In its move to “remove barriers” for those seeking immigration benefits, the Department of Homeland Security (DHS) and the Department of Justice (DOJ) are misusing their new sweeping Interim Final Rule (IFR)—“Procedures for Credible Fear Screening and Consideration of Asylum, Withholding of Removal, and CAT Protection Claims by Asylum Officers”REF—for recent land arrivals at U.S. borders. This major regulatory action is one of the Administration’s new tools to begin mass legalization of the staggering numbers of individuals pouring into the country illegally along the southern border each month, with 239,416 encounters in May.
This unilateral action unapologetically usurps congressional authority, removes integrity measures designed to prevent fraud, and provides a less-than thinly veiled cover to make the asylum process susceptible to frivolous claims. The efficiency of the current process is also undermined by the needless duplicity of the IFR.
While this regulation alone will bring further chaos into the current crisis at the southern border, it is being implemented just as DHS announced its intention to dismiss many, if not most, cases from the immigration court dockets, and as the Administration prepared to terminate Title 42 authority that allowed DHS to quickly expel illegal aliens as a public health measure during the COVID-19 pandemic. Only a court order prevented Title 42 authority from being terminated.
Aliens Claiming Fear at the Border
Generally, under current law, when aliens at the border who have no documents or permission to enter the U.S. claim fear of returning to their country of origin, the statutorily proscribed “expedited removal” process provides aliens the chance to present those claims, in which both DHS and the DOJ play a role. The process begins with a “credible fear” interview in which a DHS asylum officer determines whether an alien’s claim is valid and can proceed before a DOJ immigration judge. In the case of a positive determination, the alien has the burden of filing an asylum application with an immigration court for its consideration. A negative credible fear determination may also be reviewed and reversed by an immigration judge if requested by the alien; otherwise, the alien will be ordered removed.
The two departments have seemingly reimagined this process through the IFR and misinterpreted the governing statutes. Under the new process, a positive credible fear determination by a DHS asylum officer will lead to a non-adversarial asylum interview with another DHS asylum officer. Asylum officers who find an alien eligible for a form of protection lesser than full-fledged asylum, such as statutory withholding of removalREF or protection under the Convention Against Torture (CAT),REF must still refer the matter to a DOJ immigration judge who may consider the entire case. That is hardly streamlining the process.
As the written summary of the original credible fear interview doubles as an alien’s asylum application, the requirement that an alien file an asylum application is, in essence, negated, along with the burden of preparing and presenting a meritorious claim for protection. Aliens may rely on first-made claims of their story, changing or including relevant details in advance of the asylum interview or court proceeding, but without having to affirmatively file an application. While this, in and of itself, does not ensure an asylum grant, it certainly provides a path for fraud. It also renders a key anti-asylum fraud measure moot.

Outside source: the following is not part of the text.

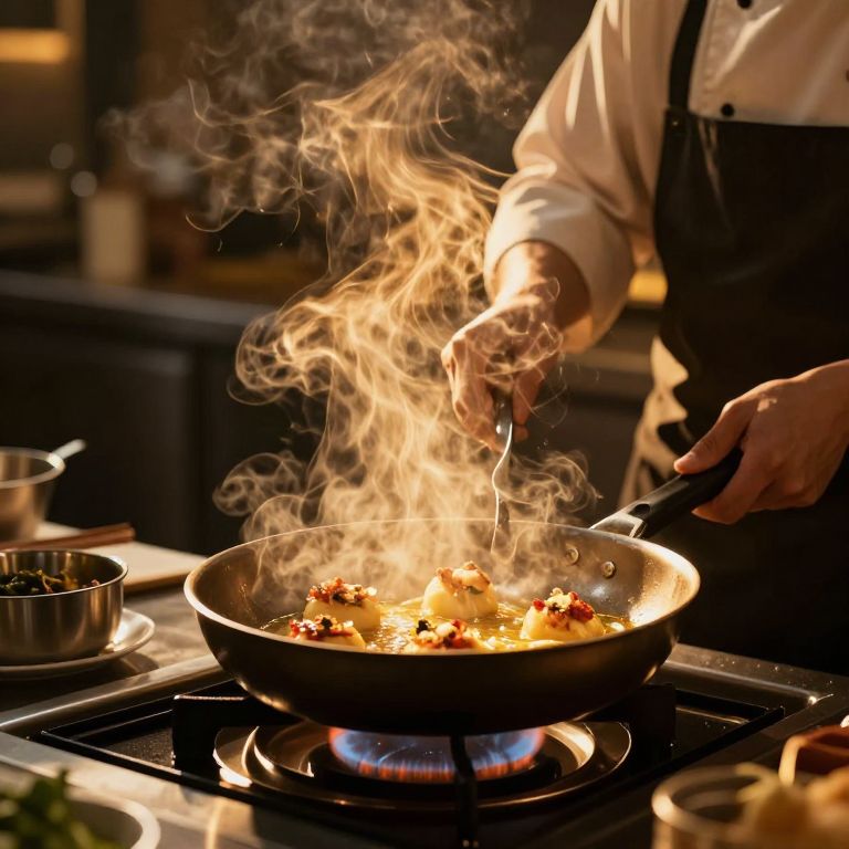Photograph of a chef's hands stirring a sizzling skillet with fiery flames, surrounded by kitchen utensils and dimly lit background.
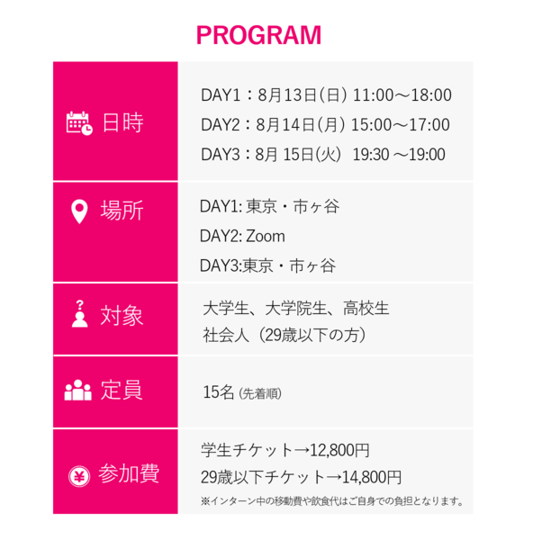 ・インターン中の移動費や飲食代はご自身での負担となります。

In 1996, Congress created the one-year asylum application requirement as part of the Illegal Immigration Reform and Immigrant Responsibility Act. If an alien is truly fleeing for fear of his or her life, he or she would request protection within one year of arriving in the U.S. Barring changed circumstances in the home country, which the one-year filing rule excepts, requesting asylum protection years after arriving here is a strong fraud indicator. The Biden Administration’s new rule is a work-around of the one-year filing requirement. By making the credible fear interview the de facto asylum application, not only do aliens not have to worry about the one-year deadline, but they also receive work authorization faster than the statutory credible fear asylum process. These benefits are a magnet for illegal immigration and asylum fraud.
An Impermissible Change of Jurisdiction
Preliminarily, DHS and the DOJ cannot, without express congressional action, simply swap roles and unilaterally designate which department and agency has original jurisdiction over which part of the process. When Congress created DHS, it relied on historical context in its assignment of jurisdiction. In doing so, there was tacit acknowledgment that the immigration courts and other immigration functions, while both previously housed in the DOJ, were viewed separately.REF Section 451 of the Homeland Security Act (HSA)REF established the Bureau of Citizenship and Immigration Services and transferred from the DOJ the “adjudications of [affirmative] asylum and refugee applications” to it.REF
Separately, the HSA cemented the DOJ’s Executive Office for Immigration Review (EOIR)REF jurisdiction. One such provision, codified in the Immigration and Nationality Act,REF states:
(1) In general. – The Attorney General shall have such authorities and functions under this Act and all other laws relating to the immigration and naturalization of aliens as were exercised by the Executive Office for Immigration Review, on the day before the effective date of the Immigration Reform, Accountability and Security Enhancement Act of 2002.REF
Congress was clear that the Attorney General should continue to retain the authority and jurisdiction exercised by EOIR prior to the HSA’s enactment. The former Immigration and Naturalization Service (INS) did not have original jurisdiction over asylum applications stemming from positive credible fear determinations, nor did it have the option to retain jurisdiction in its discretion. Sole jurisdiction was vested within the EOIR and exercised by duly authorized immigration judges.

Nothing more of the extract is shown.